After a long moment, Damian brings his hands up to wrap around Dick's waist, and they just hold each other.
Dick keeps his eyes closed. He knows if he opens them, the image will be there, but he has Damian in his arms, and that's enough. Damian's alive.
It starts, continues, and ends with Damian.
It also, apparently, starts with fear toxin that no one is sure how Dick was exposed to. It continues with the fear toxin making Dick see Damian dead. And it ends with the fear toxin overwhelming his brain, and Dick thinks that if he hadn't called Bruce for help, he might have died from exposure.
He curses himself for hanging up the first time.
The antidote, unfortunately, takes a long time to fully take effect. Dick holds Damian in his arms the entire time. He keeps his eyes closed. And eventually, Bruce directs them both to lie on a cot in the medbay.
Dick doesn't argue and, surprisingly, neither does Damian. Dick eventually falls into a restless sleep.
When Dick wakes up, the world doesn't seem so dark and gray. It's not bright and sunny, sure, but it's clearer, and there's something to be said for that when Dick's world has been murky water for the past week. It's refreshing, and a weight's been lifted off of Dick's shoulders. One he hadn't even known was there.

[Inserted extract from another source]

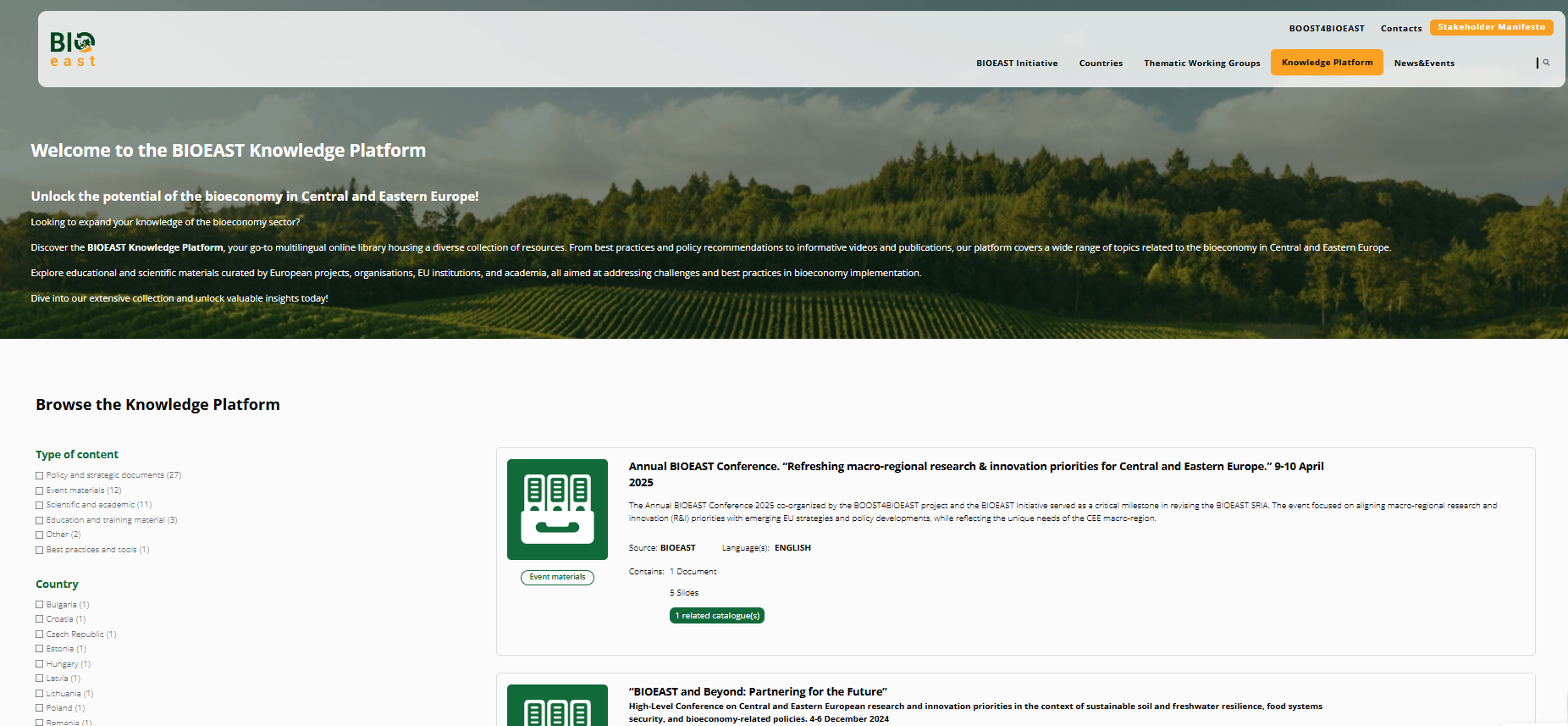 Nine new national BIOEAST HUBs were launched, building on the BIOEAST HUB Handbook (D2.1) which provided shared operational procedures, stakeholder engagement techniques, and best practices. Two pre-existing HUBs expanded their networks accordingly. Using the LogFrame methodology, all eleven HUBs and seven TWGs had prepared their roadmaps for the first two years. The project’s new website was launched, serving as a central communication platform that regularly shares updates on HUB kick-offs and national events, while also providing dedicated HUB mini-sites, accessible in both English and national languages. In addition to the 11 HUB mini-sites, the Knowledge Platform was launched, featuring over 170 materials in national languages, supporting both knowledge sharing and HUB-level outreach. Complementing this, WP7 led the co-design of the AP methodology which was tested and finalized in D7.1. This methodology guides the HUBs in structuring national AP workshops. So far, three HUBs (SI, HR, LT) have organised their first AP workshops. The TWGs organised seven science-policy webinars aligned with their thematic priorities. Preparations for the OIC began with co-design workshops, and finalization of eight thematic challenges and a promotional plan. The OIC received 43 proposals aiming to identify key bioeconomy challenges across the macro-region. In parallel, the multidimensional assessment of bioeconomy competences, innovation systems, biomass availability, and educational needs was initiated. The methodology for mapping competences and biomass (D3.1) was tested and applied in 10 HUB countries. WP4 completed the mapping of national and EU bioeconomy strategies, innovation indicators, and funding instruments, consolidated in D4.1 which also supports the development of APs. WP5 completed the education needs assessment (D5.1) informing recommendations for the UniNet. Two major Bioeconomy Conferences were organised fostering stakeholder exchange and partnerships with 20+ EU bioeconomy projects also hosting one international policy dialogue focusing on the policy implications of the multidimensional assessment results.

Damian's still in his arms, sleeping softly, and Tim's nowhere to be found. Bruce, though, is working on a laptop in a chair next to the cot, bags under his eyes, looking a lot more tired than Dick last remembers. He wonders if that's just because he'd been so whammied by the fear toxin he hadn't noticed or if it's because of the fear toxin. The waiting.
Maybe it's both.
"Hey," Dick says softly.
Bruce looks up, face softening minutely. "Hey."
"Thanks for coming."
"Always," Bruce promises.
Dick knows it's true, but he can't bring himself to do much more than give Bruce a shaky smile. The world is clearer, but it doesn't mean he doesn't remember what he had seen. What he'd been thinking. He remembers everything.
Especially the screaming. Especially Bruce's hands.
"I was really scared," Dick tells him. "I thought I was losing my mind."
"It was just the fear toxin, Dick."
"Yeah." Dick sighs and stares up at the endless cavern above him. "Yeah, but it felt real. I thought I was going to have to stare at—at Damian forever. That it was never going to go away. It was awful."
Dick chokes on the last word.
Bruce doesn't say anything to that. He usually doesn't. But he does close his laptop, lean forward, and brush the hair away from Dick's forehead. "Go to sleep, Dick. Damian isn't going anywhere."
"Right," Dick says, taking a deep breath. Damian shifts, and Dick rubs a hand up and down his back. He doesn't wake up. Speaking of little brothers, though—
"Where'd Tim go?" Dick wonders.
"He went back home," Bruce sighs. "He said he was going to give you two some space."
Dick hums, but he's starting to feel sleepy again with Bruce smoothing his hair back, and Damian tucked into his side, and the antidote running through his veins fighting against the toxin. He'll have to have a talk with Tim—and soon—but for now, Dick closes his eyes, and he's not afraid to sleep.
See, it starts with Dick, alone in Blüdhaven. It continues with Dick losing his mind. And it ends with Dick and Damian and Bruce.
It happens like this. And Dick, well. He endures. Just like he always does. Nothing's solved, not really, but his little brother is here. His dad is here. He thinks that for now, it's enough.